Perhaps, in the spirit of the season, somebody should send condolence emails to the people of Waukesha, Wisc., since the city of Portsmouth pushed them out of the Guinness Book of World Records Saturday night.
(Or maybe just an email reading something like “nah, nah, nah!!!!”)
As most readers surely know by now as it has been properly blasted all over Facebook and the Internet, Portsmouth residents, obviously with a big assist from the community group the Friends of Portsmouth, broke the world’s record set in 2013 by Waukesha, which sits on the outskirts of Milwaukee, for the most people Christmas caroling simultaneously.
The old record was 1,822. One of the leaders of the Friends group, local developer Tim Wolfe, stated at one point he wanted to push the record to at least 2,000. The effort didn’t quite reach that goal, but the old record was still broken, with the number to beat now sitting at 1,880, according to the official count of Guinness Book of World Records judge Kellie Parise.
This was of course the second world record set in Portsmouth this year. In August, during the Friends Plant Portsmouth event participants shattered the record for the most persons simultaneously potting plants. The new record sits at 1,405 almost tripling the previous mark of 500.
For a time on Saturday, it appeared perhaps the rain which fell pretty much constantly throughout the night had chased off enough people to keep the well-publicized caroling record attempt from reaching its goal.
Local ophthalmologist Mike Raies, who also leads the local cover band Blonde Habits, served as emcee for the caroling event. The initial time for the record attempt was 7 p.m. Prior to the appointed hour, Raies several times asked the crowd to get on their cell phones and call for reinforcements as the numbers just weren’t there. Ultimately, Raies said organizers had been given permission to push back the start time and the singing actually got underway about 7:20 p.m.
“The record doesn’t say anything about singing in tune, just make sure you sing,” Raies said at one point. He repeatedly tried to remind the crowd not to leave when the singing was over but to wait until the official count was completed. Nevertheless, Guinness judge Parise said she had to discount some participants because they left early.
Portsmouth Acting Mayor Kevin Johnson was among the many in the crowd Saturday night. He had nothing but praise for the Friends of Portsmouth and the Winterfest event they launched early this month. Johnson said Winterfest was proving to be a wonderful family festival.

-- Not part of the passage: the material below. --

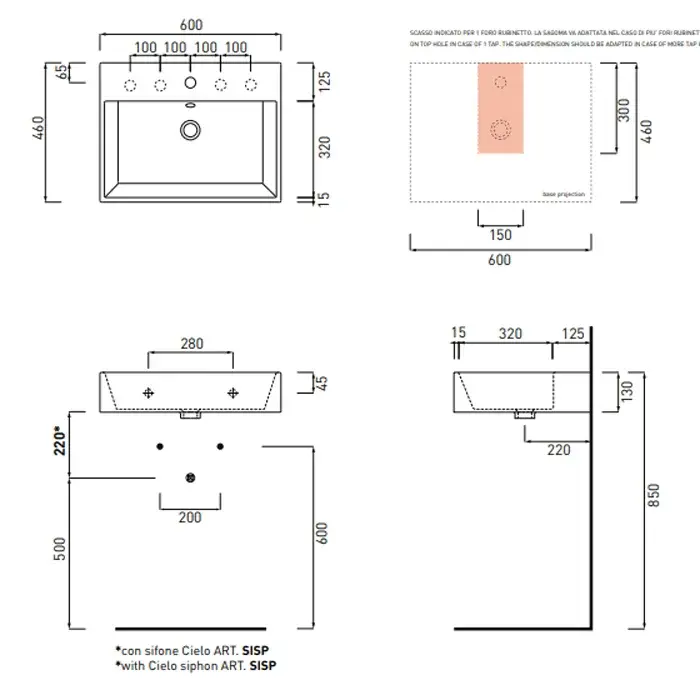 Cielo Smile Раковина подвесная 60х46хh13 см, 1 отв, цвет: глянцевый белый SMLAA60

“We’ve been on the ‘glice,’ taken a carriage ride and just generally had a good time,” Johnson added, further noting Winterfest obviously was a wonderful thing for the city.
By “glice” Johnson was referring to the space-age plastic that makes up the surface of the temporary skating rink set up for Winterfest.
“I’m very excited about Winterfest,” said Lanita Warner, one of the many residents in the crowd Saturday evening. She described the event as a wonderful thing for downtown Portsmouth.
As persons arrived for the record breaking attempt, whether or not they had previously obtained tickets for the free event, participants were handed color-coded cards with song lyrics printed on them. Carolers sang five different songs at 10 doors on Second and Market streets.
The songs included “Jingle Bells,” “Deck the Halls” and “Rudolph the Red Nose Reindeer.” Rules required carolers move from door to door, with someone actually knocking on a door and someone inside actually opening that door. At the end of each stop, carolers sang “We Wish You a Merry Christmas.”
Doors included businesses along both Market and Second streets. Raies and choir director Linda Tieman from Portsmouth West High School hurried carolers from stop to stop, as rules required the record be broken within 50 minutes of the start time.
Sometime after 8 p.m., with the rain falling harder than ever, Wolfe and Parise announced over a loudspeaker the record had officially been broken. Facebook and social media are replete with descriptions of downtown Portsmouth and Boneyfiddle looking like something out of a Hallmark Channel movie thanks to Winterfest. With that in mind, it seemed appropriate when Wolfe also announced Winterfest will be back for a second year in 2019 with a brand-new sponsor, namely the Hallmark Channel.
The rain soaked evening was capped off by entertainment provided by local music sensation Jacob Tolliver playing some of his favorite tunes under a canopy set up on a truck bed. Tolliver, a former American Idol contestant and member of the Million Dollar Quartet, was also part of the world record breaking caroling crowd.